Data for this exercise —

^^^^

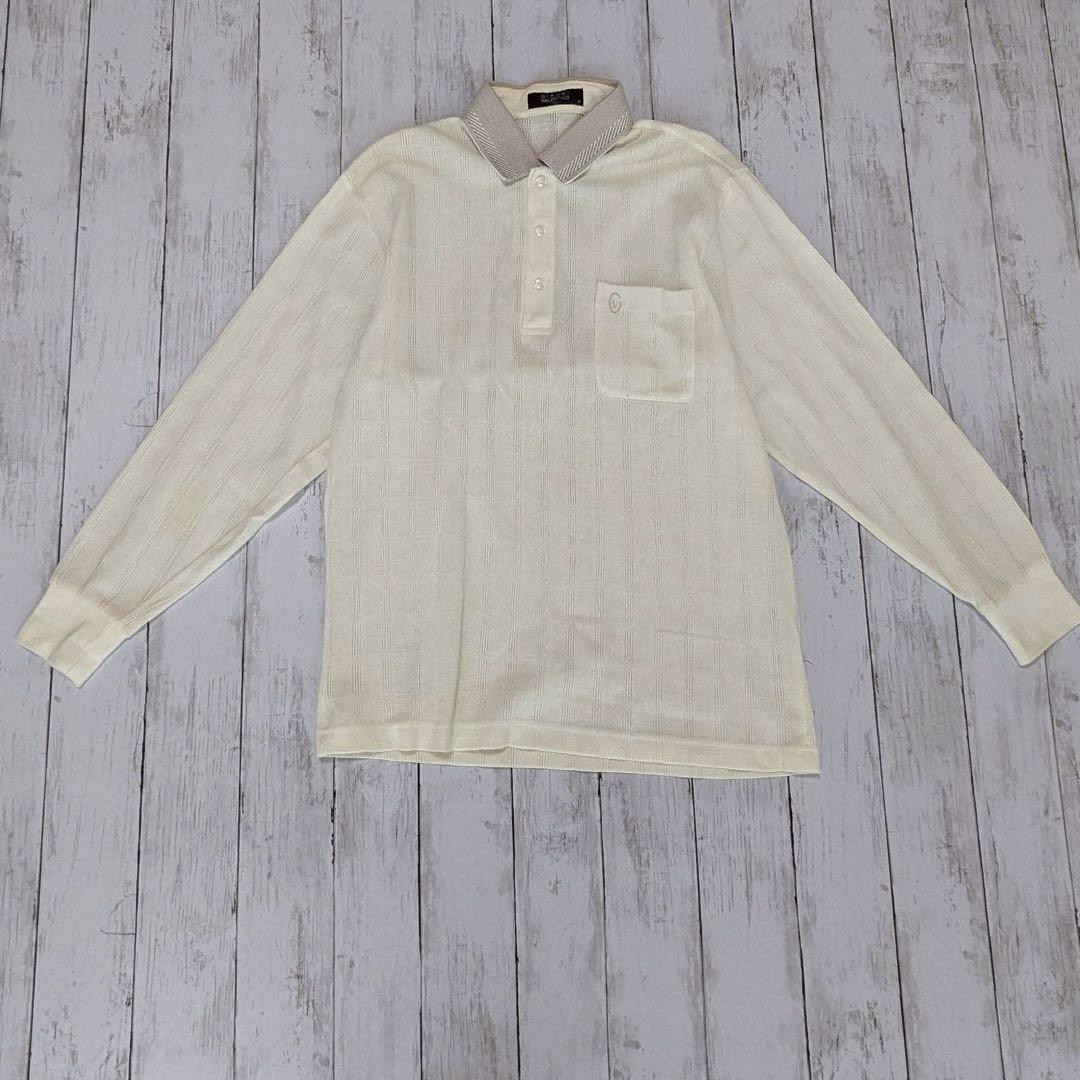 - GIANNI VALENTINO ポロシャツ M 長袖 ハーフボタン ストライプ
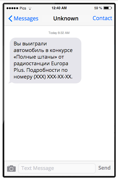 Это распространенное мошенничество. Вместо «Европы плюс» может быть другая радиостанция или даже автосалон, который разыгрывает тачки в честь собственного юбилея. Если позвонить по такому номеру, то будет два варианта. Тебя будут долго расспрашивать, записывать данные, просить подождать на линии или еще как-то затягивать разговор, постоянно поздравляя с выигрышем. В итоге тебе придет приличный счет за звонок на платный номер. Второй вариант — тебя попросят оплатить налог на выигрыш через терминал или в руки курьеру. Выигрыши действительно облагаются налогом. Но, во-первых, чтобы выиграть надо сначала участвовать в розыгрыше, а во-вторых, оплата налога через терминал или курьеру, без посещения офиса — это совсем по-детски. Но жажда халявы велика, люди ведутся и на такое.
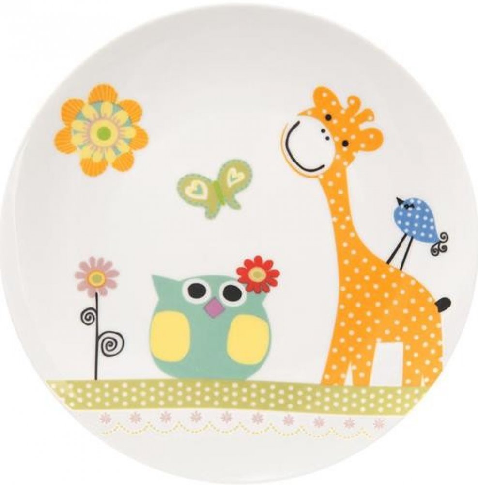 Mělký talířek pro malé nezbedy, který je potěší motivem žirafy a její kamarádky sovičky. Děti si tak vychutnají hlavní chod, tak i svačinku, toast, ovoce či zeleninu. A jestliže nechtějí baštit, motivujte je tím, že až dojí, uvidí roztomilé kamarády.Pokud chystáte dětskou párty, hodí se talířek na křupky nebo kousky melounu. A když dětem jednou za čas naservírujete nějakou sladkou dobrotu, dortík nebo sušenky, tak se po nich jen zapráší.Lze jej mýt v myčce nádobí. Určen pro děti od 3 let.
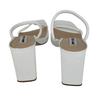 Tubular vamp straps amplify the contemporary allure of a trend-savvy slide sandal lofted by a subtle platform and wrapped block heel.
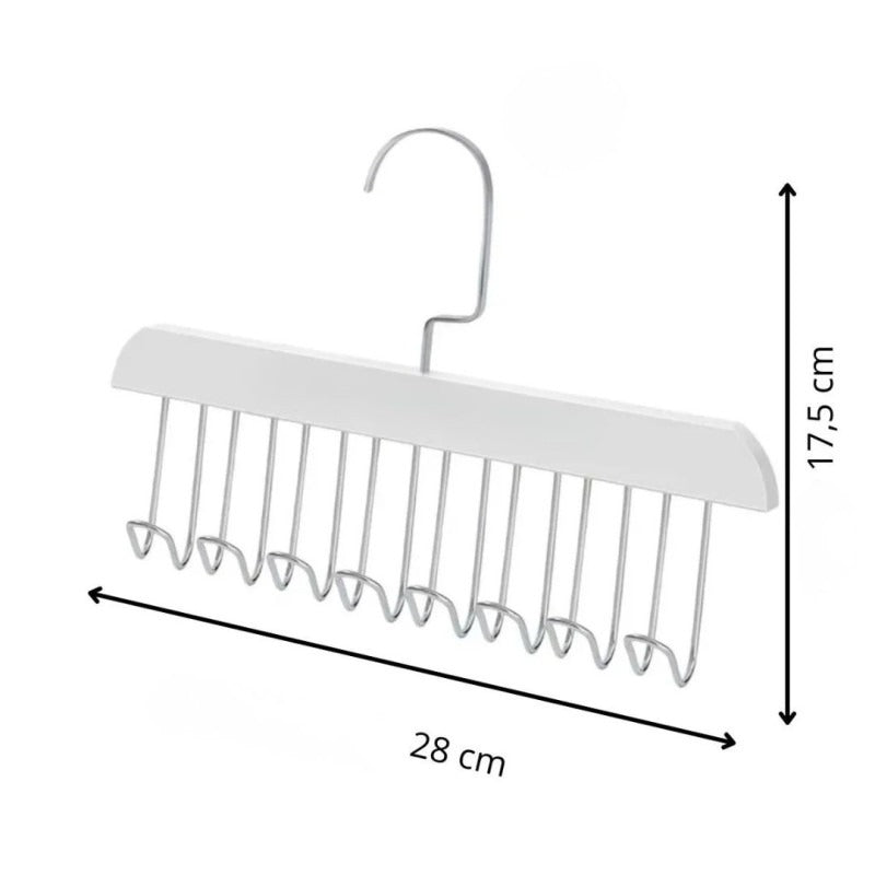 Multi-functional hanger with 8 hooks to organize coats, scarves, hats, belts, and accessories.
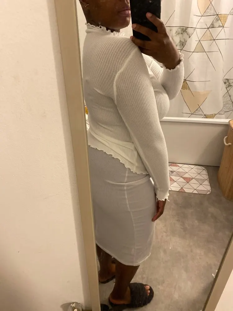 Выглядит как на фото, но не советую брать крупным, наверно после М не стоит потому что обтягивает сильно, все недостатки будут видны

^^^^

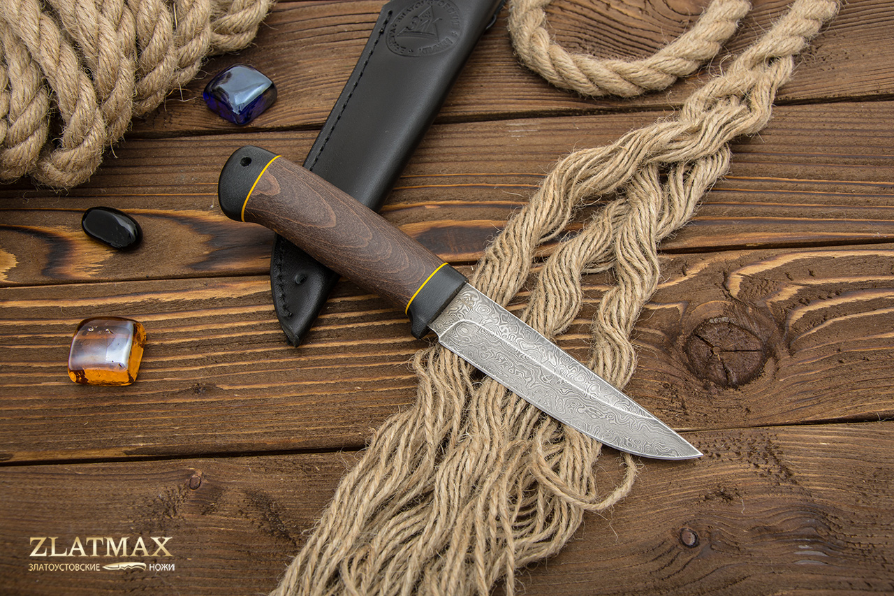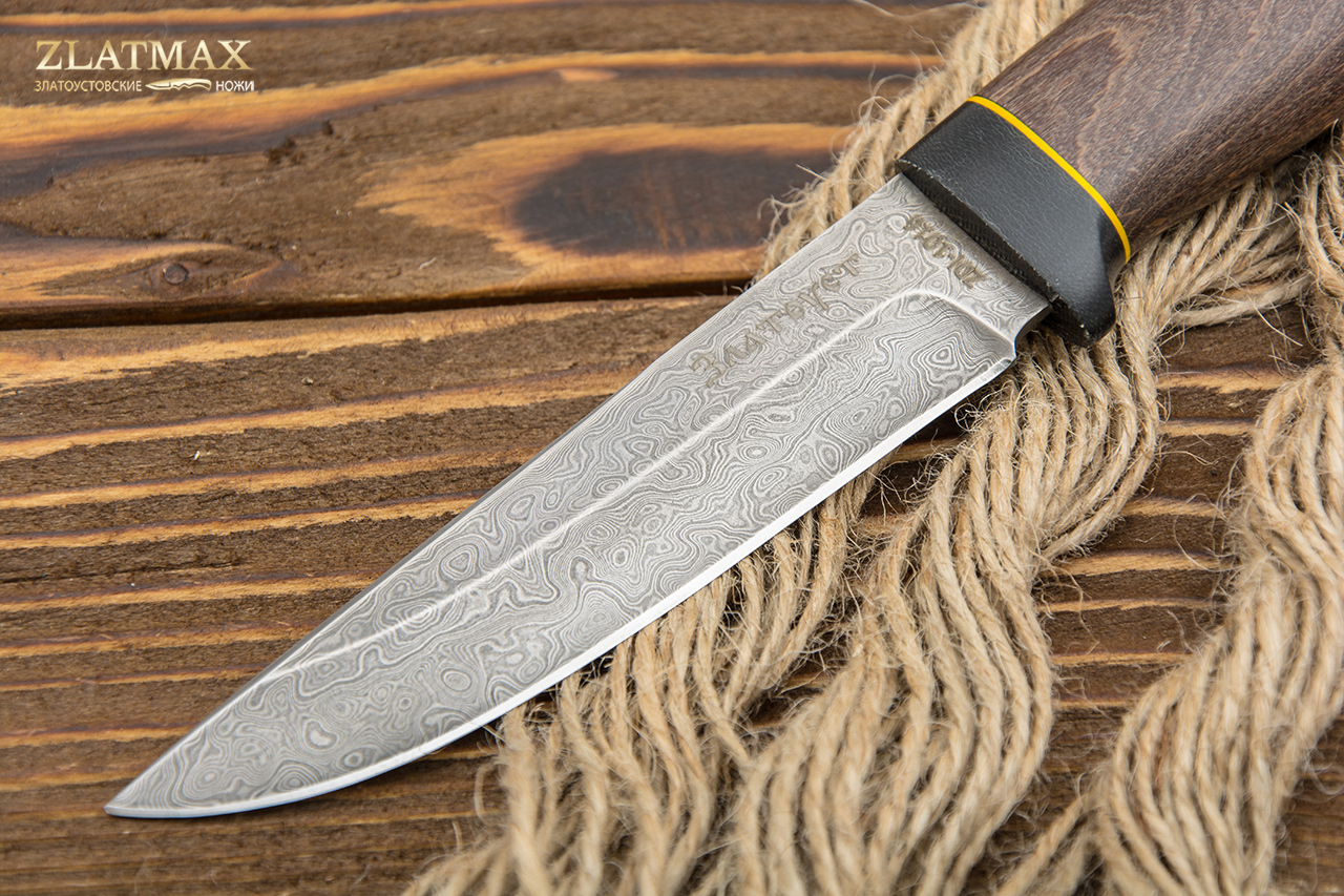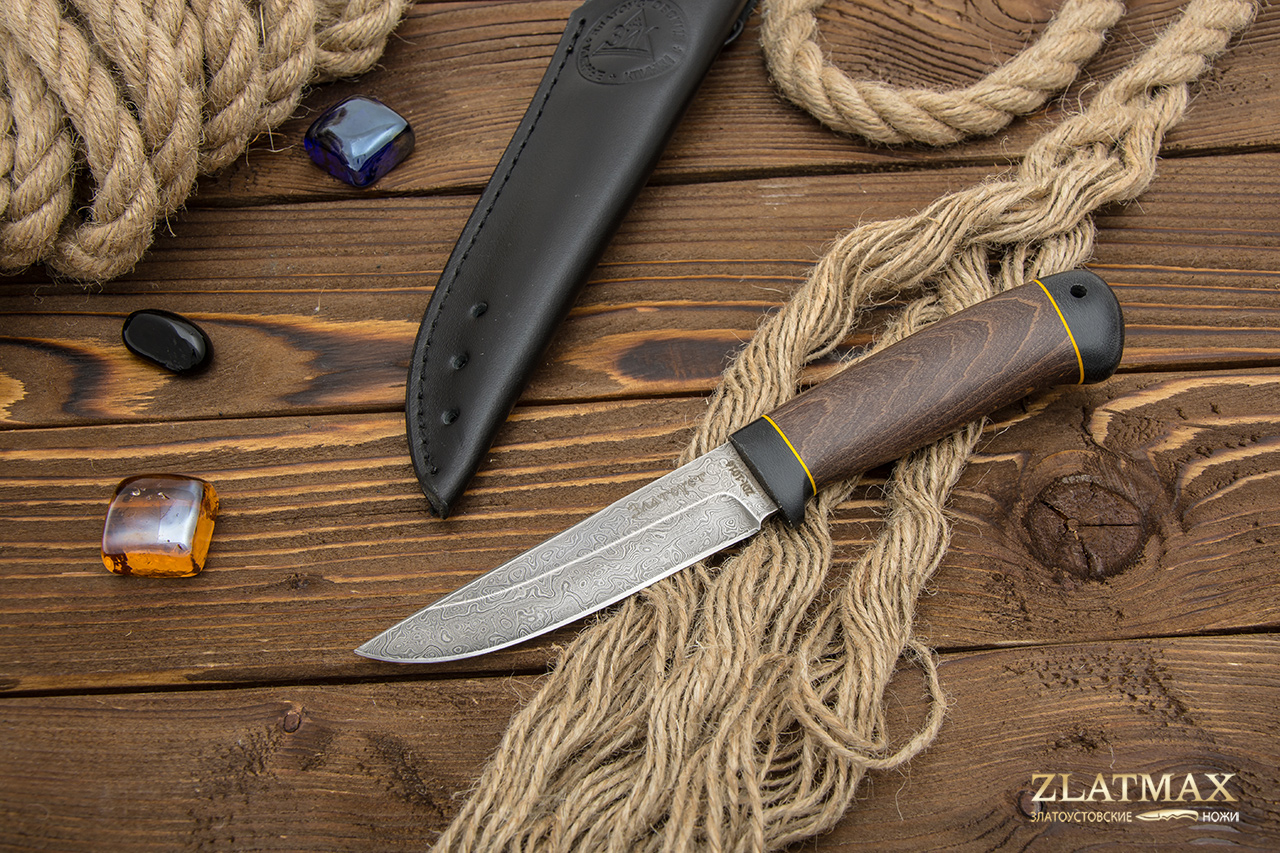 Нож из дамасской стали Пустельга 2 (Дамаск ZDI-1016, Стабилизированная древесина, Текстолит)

^^^^

Write out again exactly the lines above from the one with "Tubular vamp straps" through the one with "Выглядит как на", adding no other lines and no pictures.

 Tubular vamp straps amplify the contemporary allure of a trend-savvy slide sandal lofted by a subtle platform and wrapped block heel.
 Multi-functional hanger with 8 hooks to organize coats, scarves, hats, belts, and accessories.
 Выглядит как на фото, но не советую брать крупным, наверно после М не стоит потому что обтягивает сильно, все недостатки будут видны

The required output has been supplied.